The ATmega8 handles hardware interfacing on the PSPi 6 -- reading buttons, managing power, and controlling the backlight. All boards sold by othermod.com come with the firmware and bootloader pre-flashed and ready to use.

Updating Firmware

Boards running PCB version 1.5 or newer sold on from othermod.com have the bootloader installed and can update firmware without any wiring using the firmware update image.

What You'll Need

Steps

  1. Flash the firmware update image to a MicroSD card.
  2. Shut the device down completely.
  3. Insert the MicroSD card.
  4. Hold the display button and power on.
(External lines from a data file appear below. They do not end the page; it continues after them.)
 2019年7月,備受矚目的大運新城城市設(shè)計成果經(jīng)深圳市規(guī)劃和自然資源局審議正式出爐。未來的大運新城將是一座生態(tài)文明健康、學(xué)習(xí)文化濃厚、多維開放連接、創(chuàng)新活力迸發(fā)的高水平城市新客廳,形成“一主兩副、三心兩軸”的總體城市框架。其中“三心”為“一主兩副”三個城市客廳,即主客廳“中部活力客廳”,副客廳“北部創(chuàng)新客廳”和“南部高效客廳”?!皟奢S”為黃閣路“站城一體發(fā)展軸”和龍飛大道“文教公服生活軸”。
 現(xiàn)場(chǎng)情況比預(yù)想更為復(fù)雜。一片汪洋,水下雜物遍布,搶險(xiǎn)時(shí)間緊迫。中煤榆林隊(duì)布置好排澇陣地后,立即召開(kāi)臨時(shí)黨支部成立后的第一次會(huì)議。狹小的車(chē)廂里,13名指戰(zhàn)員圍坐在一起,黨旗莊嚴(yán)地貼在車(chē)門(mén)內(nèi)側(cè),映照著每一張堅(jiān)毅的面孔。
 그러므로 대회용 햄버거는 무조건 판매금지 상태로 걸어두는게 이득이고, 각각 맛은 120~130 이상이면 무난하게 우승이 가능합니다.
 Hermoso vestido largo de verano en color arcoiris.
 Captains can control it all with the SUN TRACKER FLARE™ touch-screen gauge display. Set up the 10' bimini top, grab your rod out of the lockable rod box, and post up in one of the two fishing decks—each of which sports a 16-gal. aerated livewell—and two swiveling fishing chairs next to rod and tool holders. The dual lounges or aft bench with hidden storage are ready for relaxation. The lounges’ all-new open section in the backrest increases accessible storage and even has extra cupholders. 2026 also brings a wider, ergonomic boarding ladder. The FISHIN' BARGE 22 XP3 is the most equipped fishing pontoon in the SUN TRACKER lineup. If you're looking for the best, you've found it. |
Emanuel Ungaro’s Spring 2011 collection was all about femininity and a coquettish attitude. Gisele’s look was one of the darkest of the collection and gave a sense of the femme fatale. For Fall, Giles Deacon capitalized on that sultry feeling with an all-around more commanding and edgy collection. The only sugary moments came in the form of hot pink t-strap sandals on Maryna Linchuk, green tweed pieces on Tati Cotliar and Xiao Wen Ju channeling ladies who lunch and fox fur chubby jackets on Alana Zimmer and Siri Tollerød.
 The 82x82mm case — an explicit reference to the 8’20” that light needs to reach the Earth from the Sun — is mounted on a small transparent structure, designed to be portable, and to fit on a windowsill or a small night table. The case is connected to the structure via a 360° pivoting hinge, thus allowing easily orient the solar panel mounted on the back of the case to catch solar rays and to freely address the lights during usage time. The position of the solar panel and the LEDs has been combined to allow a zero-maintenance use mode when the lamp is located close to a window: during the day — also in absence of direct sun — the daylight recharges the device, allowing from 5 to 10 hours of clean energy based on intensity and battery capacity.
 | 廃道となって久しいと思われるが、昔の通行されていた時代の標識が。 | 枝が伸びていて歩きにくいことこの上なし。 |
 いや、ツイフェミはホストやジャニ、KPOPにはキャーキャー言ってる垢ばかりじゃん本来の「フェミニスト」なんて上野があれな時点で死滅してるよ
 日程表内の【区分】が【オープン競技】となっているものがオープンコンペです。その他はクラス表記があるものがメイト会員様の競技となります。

Keep holding for one full second until the WiFi LED begins blinking -- this puts the ATmega into bootloader mode.
  5. Wait for the update to complete. The process runs automatically.
  6. When the WiFi LED switches to fast blinking, the firmware has been verified and the update is complete. The device will power off on its own shortly after.
  7. Swap back to your regular MicroSD card.

Flashing from Scratch

If you have a self-manufactured board or a PCB version older than 1.5, the bootloader is not yet present and the ATmega must be flashed manually over SPI using avrdude. This requires physical access to the SPI test points on the board.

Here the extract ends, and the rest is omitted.